Yes , but i have weak segment tree , so no comment on that.
how many TC ? passes ?
also , in that question can we access solution / editorial / hint ? if this is the case then please open and check (if u think u r unable to solve)
Codechef was limited my messaging count, so couldn’t replay till now, sorry about that bro.
There were only two test cases. One is passing, and the second one gives TLE.
This problem has no editorial.
but seems, segtree is the way to go, thanks for that hint.
I’ve implemented a segment tree-based solution, but still, one test case gives TLE.

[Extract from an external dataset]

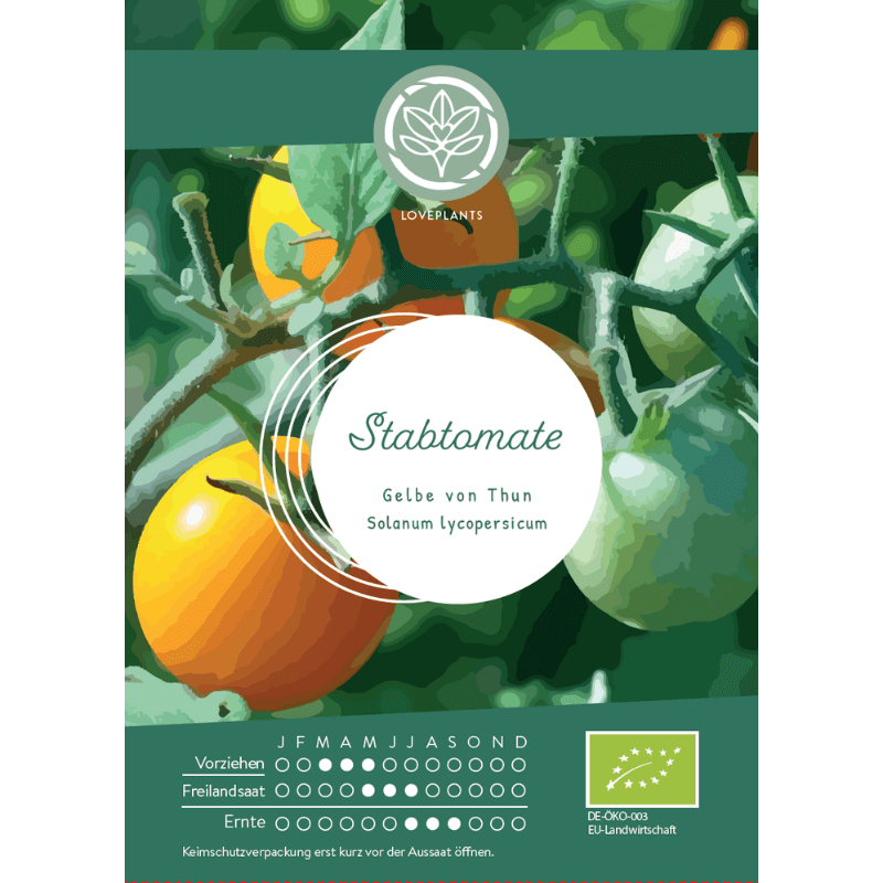Die Stabtomate Gelbe von Thun ist eine sehr frühreifende, robuste und fruchtig schmeckende Tomaten Sorte mit einer erfrischenden Säure. Die Gelbe von Thun wird gerne für Salate oder für den direkten Verzehr verwendet. Die bis zu 50 g schweren Früchte erreichen einen Durchmesser von ca. 4 cm. Die Tomaten sind eine sehr gesunde und leckere Alternative zu Supermarkt Tomaten. Neben dem einzigartigen Geschmack bietet sie außerdem viele wichtige Vitamine, Mineralstoffe und Spurenelemente. Der wertvollste Inhaltsstoff ist wohl das Lycopin. Der Pflanzenstoff ist dafür verantwortlich, dass die reifen Tomaten Ihre Färbung entwickeln. Außerdem stärkt der Farbstoff unsere Immunabwehr und wirkt krebsvorbeugend. Um dir nur die beste Qualität zu bieten, haben alle unsere Samen zu 100% Bio Qualität. Mit dem Kauf unserer Bio Stabtomate Gelbe von Thun Samen tust du aber nicht nur dir selbst etwas Gutes, sondern auch unserer Umwelt. Alle unsere Bio Samen sind schonend und nachhaltig gezüchtet und vermehrt worden. Keine Pestizide, keine Genmanipulation, einfach Natur pur. Jetzt Tomate Gelbe von Thun Samen kaufen.

How this can be optimized?
#include <iostream>
#include <vector>
using namespace std;
#define MAX_SIZE 200000
int tree[4 * MAX_SIZE];
void update_xor(int v, int val, int start, int end, int l, int r) {
if(end < l || start > r || start > end) {
return;
}
if(start == end) {
tree[v] ^= val;
} else {
int m = start + (end - start) / 2;
update_xor(2 * v, val, start, m, l, r);
update_xor(2 * v + 1, val, m + 1, end, l, r);
tree[v] = tree[2 * v] + tree[2 * v + 1];
}
}
void update_and(int v, int val, int start, int end, int l, int r) {
if(end < l || start > r || start > end) {
return;
}
if(start == end) {
tree[v] &= val;
return;
} else {
int m = start + (end - start) / 2;
update_and(2 * v, val, start, m, l, r);
update_and(2 * v + 1, val, m + 1, end, l, r);
tree[v] = tree[2 * v] + tree[2 * v + 1];
}
}
void update_or(int v, int val, int start, int end, int l, int r) {
if(end < l || start > r || start > end) {
return;
}
if(start == end) {
tree[v] |= val;
return;
} else {
int m = start + (end - start) / 2;
update_or(2 * v, val, start, m, l, r);
update_or(2 * v + 1, val, m + 1, end, l, r);
tree[v] = tree[2 * v] + tree[2 * v + 1];
}
}
int query(int v, int start, int end, int l, int r) {
if(l > r) {
return 0;
}
if(start == l && end == r) {
return tree[v];
}
int m = start + (end - start) / 2;
return query(2 * v, start, m, l, min(r, m)) + query(2 * v + 1, m + 1, end, max(m + 1, l), r);
}
void query_xor(int v, int& _xor, int start, int end, int l, int r) {
if(end < l || start > r || start > end) {
return;
}
if(start == end) {
_xor ^= tree[v];
return;
} else {
int m = start + (end - start) / 2;
query_xor(2 * v, _xor, start, m, l, r);
query_xor(2 * v + 1, _xor, m + 1, end, l, r);
}
}
int main() {
int n = 0;
cin >> n;
int q = 0;
cin >> q;
while(q--) {
int type = 0;
cin >> type;
if(type == 5) {
int l = 0;
cin >> l;
int r = 0;
cin >> r;
int _xor = 0;
query_xor(1, _xor, 1, n, l, r);
cout << _xor << "\n";
} else if(type == 4) {
int l = 0;
cin >> l;
int r = 0;
cin >> r;
int ans = query(1, 1, n, l, r);
cout << ans << "\n";
} else if(type == 1) {
int l = 0;
cin >> l;
int r = 0;
cin >> r;
int val = 0;
cin >> val;
update_or(1, val, 1, n, l, r);
} else if(type == 2) {
int l = 0;
cin >> l;
int r = 0;
cin >> r;
int val = 0;
cin >> val;
update_and(1, val, 1, n, l, r);
} else if(type == 3) {
int l = 0;
cin >> l;
int r = 0;
cin >> r;
int val = 0;
cin >> val;
update_xor(1, val, 1, n, l, r);
}
}
return 0;
}